= The problem =
Only the lines below from the one containing "和马远不同,对于画家李嵩来说" to the one containing "Unique Black Onyx" should be repeated, both included and unchanged.

--- Exercise inputs ---

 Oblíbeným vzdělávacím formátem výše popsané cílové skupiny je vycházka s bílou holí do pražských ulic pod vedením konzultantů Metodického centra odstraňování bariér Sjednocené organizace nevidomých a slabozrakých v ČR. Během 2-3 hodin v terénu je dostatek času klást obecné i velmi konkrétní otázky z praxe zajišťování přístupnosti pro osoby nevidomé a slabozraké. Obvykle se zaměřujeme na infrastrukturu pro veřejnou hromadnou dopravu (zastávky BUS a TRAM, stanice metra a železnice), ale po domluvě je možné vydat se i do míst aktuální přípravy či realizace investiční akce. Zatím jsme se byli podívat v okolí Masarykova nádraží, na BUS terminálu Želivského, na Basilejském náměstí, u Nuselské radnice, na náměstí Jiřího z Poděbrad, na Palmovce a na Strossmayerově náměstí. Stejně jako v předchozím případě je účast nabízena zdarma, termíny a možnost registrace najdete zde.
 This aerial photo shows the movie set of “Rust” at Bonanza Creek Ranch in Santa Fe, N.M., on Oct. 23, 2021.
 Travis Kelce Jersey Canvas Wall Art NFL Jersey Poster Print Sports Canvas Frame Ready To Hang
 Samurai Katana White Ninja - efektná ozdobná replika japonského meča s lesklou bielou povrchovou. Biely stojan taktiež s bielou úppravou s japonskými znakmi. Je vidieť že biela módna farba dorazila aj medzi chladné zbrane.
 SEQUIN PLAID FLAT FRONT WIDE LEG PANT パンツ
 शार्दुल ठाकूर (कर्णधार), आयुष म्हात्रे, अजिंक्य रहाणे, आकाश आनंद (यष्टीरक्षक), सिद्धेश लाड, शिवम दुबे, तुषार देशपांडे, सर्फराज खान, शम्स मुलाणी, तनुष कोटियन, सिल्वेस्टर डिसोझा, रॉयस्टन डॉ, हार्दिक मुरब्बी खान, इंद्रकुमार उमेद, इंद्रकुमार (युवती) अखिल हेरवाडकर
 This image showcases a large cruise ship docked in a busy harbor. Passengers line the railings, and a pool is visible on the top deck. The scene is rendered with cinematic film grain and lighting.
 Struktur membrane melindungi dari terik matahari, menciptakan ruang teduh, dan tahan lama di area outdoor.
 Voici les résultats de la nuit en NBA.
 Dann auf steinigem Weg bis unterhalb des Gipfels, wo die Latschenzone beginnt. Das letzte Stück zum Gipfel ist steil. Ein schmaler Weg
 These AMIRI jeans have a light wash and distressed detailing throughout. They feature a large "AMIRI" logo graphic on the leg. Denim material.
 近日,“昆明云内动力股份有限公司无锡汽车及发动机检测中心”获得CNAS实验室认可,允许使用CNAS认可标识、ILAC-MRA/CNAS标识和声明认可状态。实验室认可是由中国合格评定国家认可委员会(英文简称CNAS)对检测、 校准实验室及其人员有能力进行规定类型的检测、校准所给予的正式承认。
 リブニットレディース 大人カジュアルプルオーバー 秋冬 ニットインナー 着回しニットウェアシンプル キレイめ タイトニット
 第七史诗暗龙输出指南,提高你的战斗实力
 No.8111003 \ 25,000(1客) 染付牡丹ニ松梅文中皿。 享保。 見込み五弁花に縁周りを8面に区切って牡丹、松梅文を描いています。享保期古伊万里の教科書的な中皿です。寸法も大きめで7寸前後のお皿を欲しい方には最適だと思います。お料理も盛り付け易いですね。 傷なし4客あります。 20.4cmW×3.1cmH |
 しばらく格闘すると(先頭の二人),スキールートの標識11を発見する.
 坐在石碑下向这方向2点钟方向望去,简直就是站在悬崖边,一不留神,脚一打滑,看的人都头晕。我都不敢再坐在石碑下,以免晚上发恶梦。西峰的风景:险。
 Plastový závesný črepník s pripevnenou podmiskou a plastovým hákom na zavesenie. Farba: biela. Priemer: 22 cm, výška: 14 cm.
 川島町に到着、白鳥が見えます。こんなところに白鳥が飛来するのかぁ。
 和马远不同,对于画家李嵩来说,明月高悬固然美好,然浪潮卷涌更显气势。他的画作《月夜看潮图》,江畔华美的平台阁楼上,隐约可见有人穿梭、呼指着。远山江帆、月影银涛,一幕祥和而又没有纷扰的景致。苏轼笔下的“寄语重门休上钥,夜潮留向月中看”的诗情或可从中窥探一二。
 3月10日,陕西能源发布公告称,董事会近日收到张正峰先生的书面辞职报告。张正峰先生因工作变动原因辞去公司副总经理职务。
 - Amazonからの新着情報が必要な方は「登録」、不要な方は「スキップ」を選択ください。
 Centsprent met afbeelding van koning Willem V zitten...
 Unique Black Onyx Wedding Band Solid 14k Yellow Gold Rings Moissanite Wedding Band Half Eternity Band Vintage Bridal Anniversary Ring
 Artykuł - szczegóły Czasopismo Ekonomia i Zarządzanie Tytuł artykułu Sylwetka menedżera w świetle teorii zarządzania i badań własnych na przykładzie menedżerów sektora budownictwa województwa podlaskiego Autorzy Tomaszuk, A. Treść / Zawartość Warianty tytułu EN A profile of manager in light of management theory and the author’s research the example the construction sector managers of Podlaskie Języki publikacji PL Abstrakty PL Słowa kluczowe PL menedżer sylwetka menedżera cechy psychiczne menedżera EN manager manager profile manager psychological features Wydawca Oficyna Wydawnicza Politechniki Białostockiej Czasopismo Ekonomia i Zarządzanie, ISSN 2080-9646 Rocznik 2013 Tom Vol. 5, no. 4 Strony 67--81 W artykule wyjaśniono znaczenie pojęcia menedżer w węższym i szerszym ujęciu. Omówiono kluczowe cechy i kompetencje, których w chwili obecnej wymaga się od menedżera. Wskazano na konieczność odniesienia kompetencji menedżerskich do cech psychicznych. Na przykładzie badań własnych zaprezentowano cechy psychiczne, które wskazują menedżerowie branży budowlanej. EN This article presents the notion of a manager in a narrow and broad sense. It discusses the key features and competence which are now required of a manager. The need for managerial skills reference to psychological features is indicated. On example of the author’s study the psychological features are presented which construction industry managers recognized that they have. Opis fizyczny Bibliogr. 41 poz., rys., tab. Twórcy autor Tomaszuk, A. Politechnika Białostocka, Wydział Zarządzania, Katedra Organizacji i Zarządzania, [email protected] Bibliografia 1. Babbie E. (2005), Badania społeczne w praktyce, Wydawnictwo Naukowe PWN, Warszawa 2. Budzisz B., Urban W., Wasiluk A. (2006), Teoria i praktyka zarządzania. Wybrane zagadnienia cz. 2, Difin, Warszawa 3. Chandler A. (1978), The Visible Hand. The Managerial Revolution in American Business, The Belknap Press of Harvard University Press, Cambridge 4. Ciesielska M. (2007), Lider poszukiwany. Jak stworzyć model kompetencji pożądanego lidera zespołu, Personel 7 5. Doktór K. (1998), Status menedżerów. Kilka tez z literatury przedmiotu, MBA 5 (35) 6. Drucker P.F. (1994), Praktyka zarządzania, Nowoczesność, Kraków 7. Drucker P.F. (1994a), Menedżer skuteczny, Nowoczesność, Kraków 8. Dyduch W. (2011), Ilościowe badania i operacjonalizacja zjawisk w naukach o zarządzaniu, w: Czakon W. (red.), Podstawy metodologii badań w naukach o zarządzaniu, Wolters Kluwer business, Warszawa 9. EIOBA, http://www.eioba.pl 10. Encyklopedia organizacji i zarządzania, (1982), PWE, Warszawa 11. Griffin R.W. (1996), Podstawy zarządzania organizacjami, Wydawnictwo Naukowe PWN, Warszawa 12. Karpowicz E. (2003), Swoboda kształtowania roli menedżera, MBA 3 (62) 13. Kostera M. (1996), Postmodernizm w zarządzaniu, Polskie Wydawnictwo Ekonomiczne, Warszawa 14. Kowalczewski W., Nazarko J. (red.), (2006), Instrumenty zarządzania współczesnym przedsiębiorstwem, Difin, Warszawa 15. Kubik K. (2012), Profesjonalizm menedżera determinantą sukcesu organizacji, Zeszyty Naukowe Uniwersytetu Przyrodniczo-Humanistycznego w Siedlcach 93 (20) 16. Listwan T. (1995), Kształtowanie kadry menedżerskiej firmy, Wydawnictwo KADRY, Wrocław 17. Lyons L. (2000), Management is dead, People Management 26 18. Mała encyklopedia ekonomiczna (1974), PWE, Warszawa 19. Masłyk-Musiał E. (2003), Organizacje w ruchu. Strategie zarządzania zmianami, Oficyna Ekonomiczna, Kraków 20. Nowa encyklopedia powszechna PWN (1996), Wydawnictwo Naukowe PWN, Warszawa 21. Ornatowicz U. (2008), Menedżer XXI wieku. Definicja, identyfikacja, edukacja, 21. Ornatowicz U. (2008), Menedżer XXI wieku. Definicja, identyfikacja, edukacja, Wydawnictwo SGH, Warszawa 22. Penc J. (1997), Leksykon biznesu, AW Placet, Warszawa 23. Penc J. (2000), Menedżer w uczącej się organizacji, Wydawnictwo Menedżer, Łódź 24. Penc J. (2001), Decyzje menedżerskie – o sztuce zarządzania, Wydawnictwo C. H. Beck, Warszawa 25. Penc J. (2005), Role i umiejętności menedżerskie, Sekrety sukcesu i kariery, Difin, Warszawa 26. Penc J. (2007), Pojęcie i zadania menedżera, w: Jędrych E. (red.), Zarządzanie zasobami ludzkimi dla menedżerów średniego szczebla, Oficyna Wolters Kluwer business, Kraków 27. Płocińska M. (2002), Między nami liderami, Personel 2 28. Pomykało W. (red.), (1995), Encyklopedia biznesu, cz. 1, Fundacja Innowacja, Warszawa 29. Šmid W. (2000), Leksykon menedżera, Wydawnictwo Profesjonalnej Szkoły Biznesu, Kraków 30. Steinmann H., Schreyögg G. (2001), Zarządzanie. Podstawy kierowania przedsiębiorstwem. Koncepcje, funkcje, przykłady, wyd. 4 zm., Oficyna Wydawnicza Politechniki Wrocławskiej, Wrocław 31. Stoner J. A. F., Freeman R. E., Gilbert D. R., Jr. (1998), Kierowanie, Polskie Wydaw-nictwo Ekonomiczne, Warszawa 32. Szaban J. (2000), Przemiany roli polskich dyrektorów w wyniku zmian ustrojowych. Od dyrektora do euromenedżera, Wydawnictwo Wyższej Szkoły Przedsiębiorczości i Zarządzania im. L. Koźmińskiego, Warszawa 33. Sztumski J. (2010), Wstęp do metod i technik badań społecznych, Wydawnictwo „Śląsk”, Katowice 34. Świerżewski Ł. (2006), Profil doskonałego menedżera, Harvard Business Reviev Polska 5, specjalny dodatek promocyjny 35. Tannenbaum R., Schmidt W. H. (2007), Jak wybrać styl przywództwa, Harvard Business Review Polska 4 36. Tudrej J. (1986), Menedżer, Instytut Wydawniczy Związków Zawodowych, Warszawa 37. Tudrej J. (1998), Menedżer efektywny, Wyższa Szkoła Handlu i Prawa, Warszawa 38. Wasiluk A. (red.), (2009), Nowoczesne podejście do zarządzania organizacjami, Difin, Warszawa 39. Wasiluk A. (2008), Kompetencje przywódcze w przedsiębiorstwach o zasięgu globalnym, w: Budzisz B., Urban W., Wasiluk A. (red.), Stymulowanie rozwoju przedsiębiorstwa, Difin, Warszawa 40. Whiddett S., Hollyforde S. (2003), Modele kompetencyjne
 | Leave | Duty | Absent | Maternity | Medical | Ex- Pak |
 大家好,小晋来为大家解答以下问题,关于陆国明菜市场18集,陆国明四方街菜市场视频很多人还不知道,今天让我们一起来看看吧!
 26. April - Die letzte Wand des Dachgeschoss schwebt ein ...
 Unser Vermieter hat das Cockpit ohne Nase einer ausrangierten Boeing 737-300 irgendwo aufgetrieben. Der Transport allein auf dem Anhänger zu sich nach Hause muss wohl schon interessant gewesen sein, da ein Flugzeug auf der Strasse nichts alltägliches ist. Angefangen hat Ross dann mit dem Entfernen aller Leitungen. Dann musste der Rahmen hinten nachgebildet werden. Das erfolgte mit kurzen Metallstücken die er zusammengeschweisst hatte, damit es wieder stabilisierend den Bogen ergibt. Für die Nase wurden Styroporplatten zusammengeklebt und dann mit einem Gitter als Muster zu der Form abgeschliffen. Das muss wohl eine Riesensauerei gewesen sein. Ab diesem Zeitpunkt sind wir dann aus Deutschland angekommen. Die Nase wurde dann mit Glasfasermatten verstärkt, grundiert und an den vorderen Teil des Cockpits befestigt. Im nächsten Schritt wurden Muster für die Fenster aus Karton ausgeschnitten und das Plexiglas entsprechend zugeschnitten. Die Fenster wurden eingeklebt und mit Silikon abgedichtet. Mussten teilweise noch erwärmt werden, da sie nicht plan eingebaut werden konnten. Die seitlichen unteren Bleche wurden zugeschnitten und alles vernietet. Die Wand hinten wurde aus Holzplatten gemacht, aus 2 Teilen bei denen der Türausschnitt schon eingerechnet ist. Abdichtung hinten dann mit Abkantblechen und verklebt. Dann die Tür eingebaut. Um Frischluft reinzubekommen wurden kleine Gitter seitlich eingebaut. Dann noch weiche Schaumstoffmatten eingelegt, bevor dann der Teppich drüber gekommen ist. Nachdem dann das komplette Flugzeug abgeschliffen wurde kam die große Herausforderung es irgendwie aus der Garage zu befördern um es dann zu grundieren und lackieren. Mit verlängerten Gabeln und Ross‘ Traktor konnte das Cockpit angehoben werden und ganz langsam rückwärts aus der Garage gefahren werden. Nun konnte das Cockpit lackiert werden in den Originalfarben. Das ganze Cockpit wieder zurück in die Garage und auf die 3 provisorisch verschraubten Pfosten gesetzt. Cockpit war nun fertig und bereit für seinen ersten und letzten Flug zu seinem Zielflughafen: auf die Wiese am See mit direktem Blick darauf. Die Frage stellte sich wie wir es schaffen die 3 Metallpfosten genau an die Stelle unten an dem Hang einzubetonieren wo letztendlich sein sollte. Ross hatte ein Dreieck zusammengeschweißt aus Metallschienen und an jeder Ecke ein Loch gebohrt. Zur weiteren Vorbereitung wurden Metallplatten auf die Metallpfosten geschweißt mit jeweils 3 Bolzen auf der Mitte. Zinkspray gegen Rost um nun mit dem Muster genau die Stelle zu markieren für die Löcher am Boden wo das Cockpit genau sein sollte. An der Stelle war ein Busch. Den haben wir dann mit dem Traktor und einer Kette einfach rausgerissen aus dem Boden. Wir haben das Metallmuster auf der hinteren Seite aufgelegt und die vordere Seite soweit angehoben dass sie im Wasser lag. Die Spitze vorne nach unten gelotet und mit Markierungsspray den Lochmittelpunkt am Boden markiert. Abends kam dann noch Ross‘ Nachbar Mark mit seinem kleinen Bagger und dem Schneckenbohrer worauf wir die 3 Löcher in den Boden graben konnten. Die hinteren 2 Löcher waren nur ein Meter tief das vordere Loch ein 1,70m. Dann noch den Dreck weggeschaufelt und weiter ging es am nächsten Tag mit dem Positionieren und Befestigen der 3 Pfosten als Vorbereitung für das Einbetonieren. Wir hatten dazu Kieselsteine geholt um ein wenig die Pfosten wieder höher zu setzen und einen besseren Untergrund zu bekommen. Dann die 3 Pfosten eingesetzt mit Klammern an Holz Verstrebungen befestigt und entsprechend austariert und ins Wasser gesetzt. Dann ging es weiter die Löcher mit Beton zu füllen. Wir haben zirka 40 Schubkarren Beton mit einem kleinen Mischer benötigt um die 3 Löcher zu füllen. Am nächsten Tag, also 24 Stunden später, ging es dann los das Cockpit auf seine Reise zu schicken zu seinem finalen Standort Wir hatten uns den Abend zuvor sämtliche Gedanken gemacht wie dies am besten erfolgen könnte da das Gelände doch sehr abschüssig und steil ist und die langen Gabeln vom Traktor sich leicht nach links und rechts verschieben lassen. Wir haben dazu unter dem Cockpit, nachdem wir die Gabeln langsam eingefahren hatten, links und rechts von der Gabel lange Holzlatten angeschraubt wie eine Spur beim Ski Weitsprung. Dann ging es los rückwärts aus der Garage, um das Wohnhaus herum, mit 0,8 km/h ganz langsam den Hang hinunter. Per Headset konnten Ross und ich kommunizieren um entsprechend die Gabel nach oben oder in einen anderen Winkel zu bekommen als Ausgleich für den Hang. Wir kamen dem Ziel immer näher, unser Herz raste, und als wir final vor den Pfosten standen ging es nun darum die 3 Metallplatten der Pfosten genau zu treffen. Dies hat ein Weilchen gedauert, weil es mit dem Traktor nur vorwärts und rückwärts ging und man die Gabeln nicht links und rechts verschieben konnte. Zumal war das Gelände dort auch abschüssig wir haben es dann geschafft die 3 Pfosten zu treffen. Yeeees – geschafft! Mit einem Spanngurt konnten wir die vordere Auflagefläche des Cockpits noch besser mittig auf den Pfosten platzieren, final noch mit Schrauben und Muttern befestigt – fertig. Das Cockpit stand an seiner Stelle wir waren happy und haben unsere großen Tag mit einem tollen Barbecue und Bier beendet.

---

= Task answer =
 和马远不同,对于画家李嵩来说,明月高悬固然美好,然浪潮卷涌更显气势。他的画作《月夜看潮图》,江畔华美的平台阁楼上,隐约可见有人穿梭、呼指着。远山江帆、月影银涛,一幕祥和而又没有纷扰的景致。苏轼笔下的“寄语重门休上钥,夜潮留向月中看”的诗情或可从中窥探一二。
 3月10日,陕西能源发布公告称,董事会近日收到张正峰先生的书面辞职报告。张正峰先生因工作变动原因辞去公司副总经理职务。
 - Amazonからの新着情報が必要な方は「登録」、不要な方は「スキップ」を選択ください。
 Centsprent met afbeelding van koning Willem V zitten...
 Unique Black Onyx Wedding Band Solid 14k Yellow Gold Rings Moissanite Wedding Band Half Eternity Band Vintage Bridal Anniversary Ring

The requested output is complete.